Also look if Tendril::push_char is used with chars from another tendril. In those cases, try instead to keep start and end indices around and then use Tendril::subtendril to get a reference-counted view of the same buffer, without copying data.

SimonSapin avatar Jul 25 '17 12:07 SimonSapin

Yes, one interesting problem is how to solve get_preprocesed_char in an elegant way? Right now it seems to be taking a char from BufferQueue, which should be replaced by a slice IIUC. I guess if all input to parser is guaranteed to be StrTendril, that shouldn't be an issue, just convert slice starting at current position to an Unicode code point (u32).
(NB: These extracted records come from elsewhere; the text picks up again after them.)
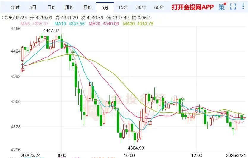 • 盘中最低下探4099美元,创四个月新低,午后小幅修复
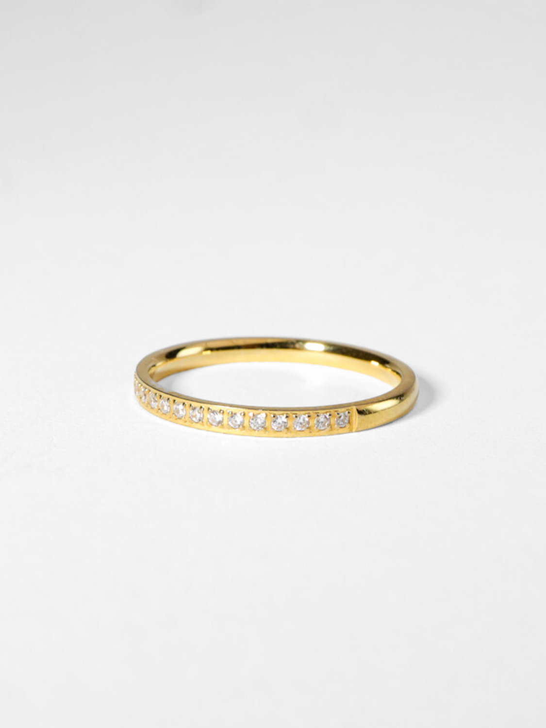Αποτυπώστε τη λάμψη των ηλιαχτίδων στο χρυσό χρώμα του δαχτυλιδιού "Golden Dewdrop Ring". Με λεπτό και απλό σχεδιασμό, αυτό το δαχτυλίδι φέρει μικρές πέτρες που θυμίζουν σταγόνες δροσιάς. Είναι ιδανικό για να συνδυαστεί με άλλα δαχτυλίδια για ένα πιο δημιουργικό και προσωπικό look ή να φορεθεί μόνο για διακριτική κομψότητα.
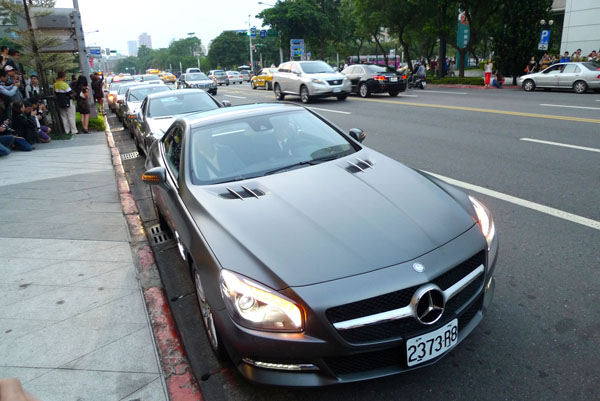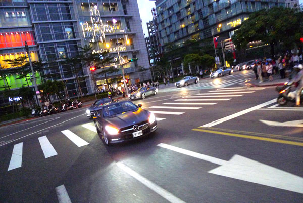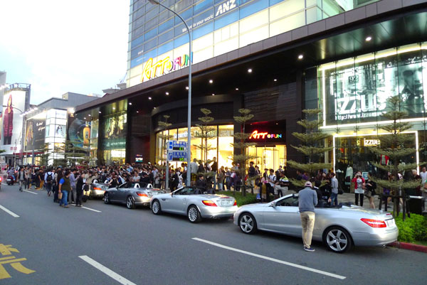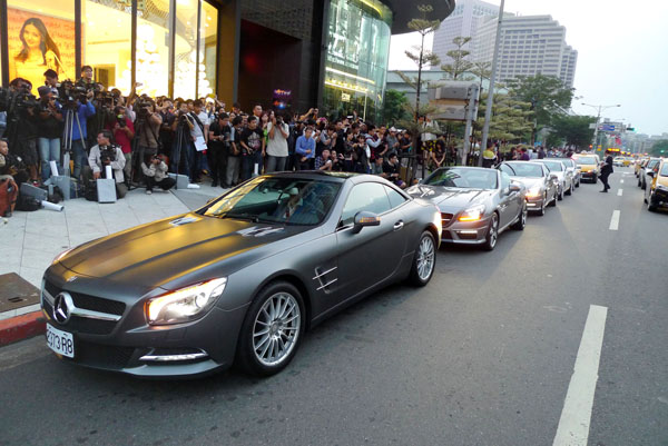 【Mercedes-Benz 道路星勢力】第一站來到台北信義鬧區ATT 4 FUN前,5台以SLK 55 AMG、SLK350、SL350、E350 Cabriolet等車款組成的賓士夢幻車隊一字排開,展現氣勢,同時還邀請人氣男星錦榮出席,成為最大驚喜點。
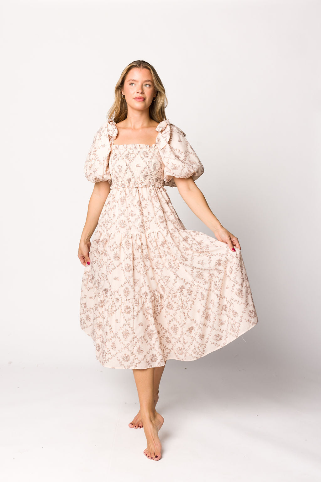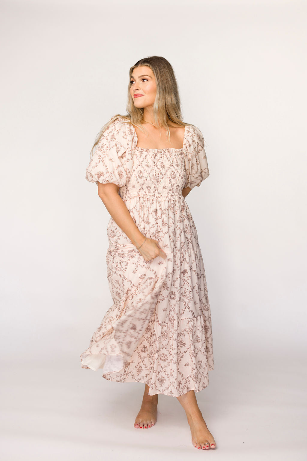Elena 100% Cotton Toile Print Smocked Midi Dress in Pink - Bump Friendly *12/19 PRE-ORDER*
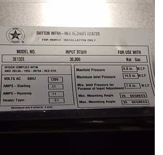 Modine Infrared Heater 60000 Btu

Second, is how to grab say next 4 or ten bytes from BufferQueue, theoretically speaking, first two bytes could be buffer_queue[0] and next two could be buffer_queue[1], no?

Ygg01 avatar Jul 26 '17 11:07 Ygg01

@SimonSapin Is there a particular reason a Tokenizer doesn't own the BufferQueue given to it? Does having them separate enable some sort of workflow that can't be replicated otherwise?
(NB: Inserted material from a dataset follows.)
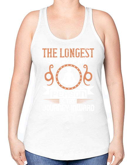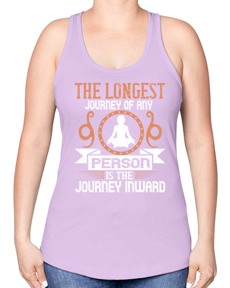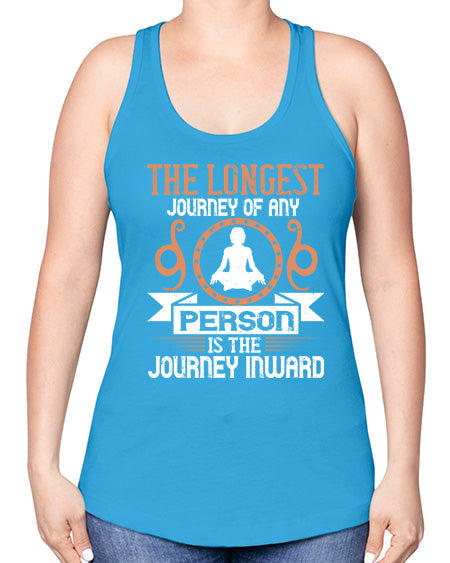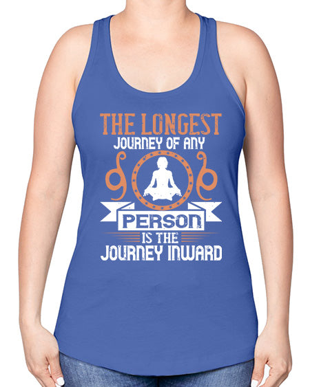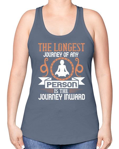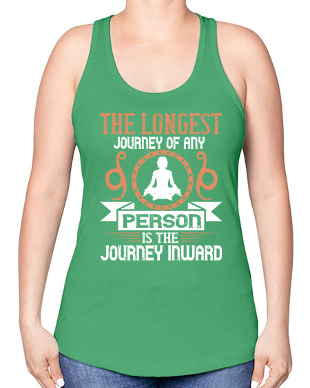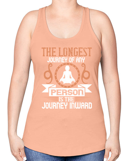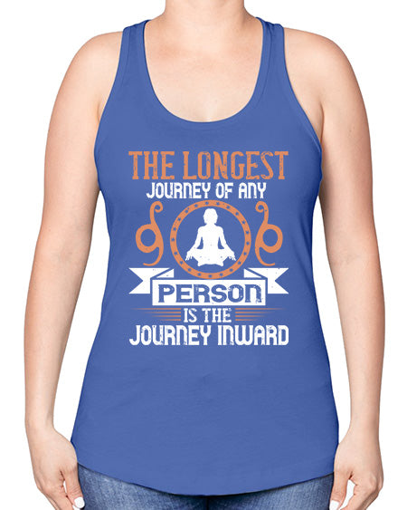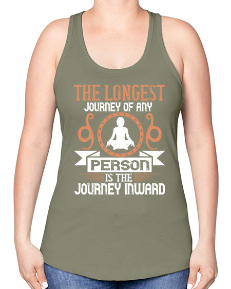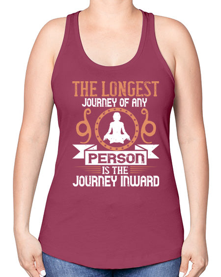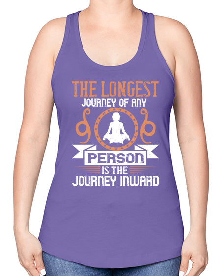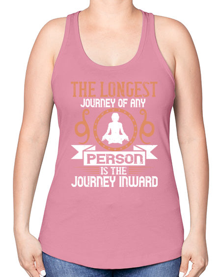 the longest journey of any person is the journey inward 550# - yoga -Racerback Tank

Ygg01 avatar Aug 29 '17 10:08 Ygg01

@Ygg01 If the tokeniser owns the buffer queue, we can't implement document.write nor speculative parsing.

nox avatar Aug 29 '17 10:08 nox

Thanks nox, that's what I feared :(

EDIT: Note from chat with nox. h5e can never own any unprocessed data, because document.write() can be called at arbitrary points and change input in various ways.
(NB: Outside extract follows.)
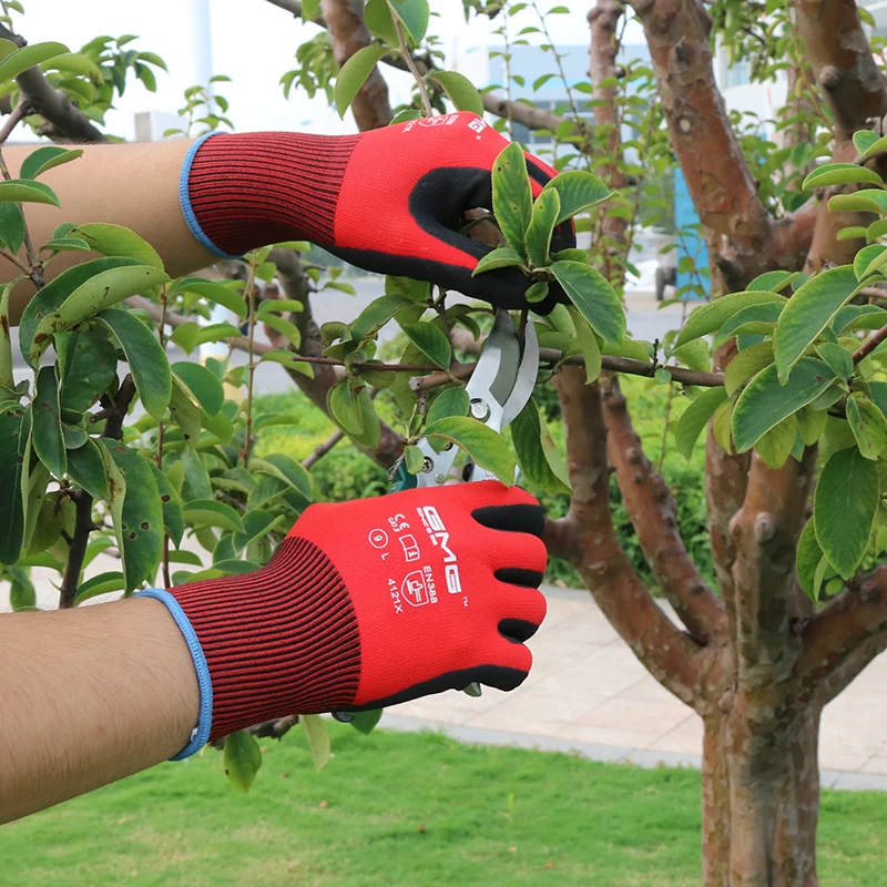 Мужские защитные перчатки GMG, красные Нитриловые Перчатки из полиэстера с покрытием песочного и красного цвета, 12 пар

Ygg01 avatar Aug 29 '17 11:08 Ygg01

@nox Do you have any thoughts on:

Also look if Tendril::push_char is used with chars from another tendril. In those cases, try instead to keep start and end indices around and then use Tendril::subtendril to get a reference-counted view of the same buffer, without copying data.

Especially, how does one keep indicies into another tendril, when document.write could potentially change the tendril? Note: I am assuming the indices are being kept by the Tokenizer.

Ygg01 avatar Aug 31 '17 12:08 Ygg01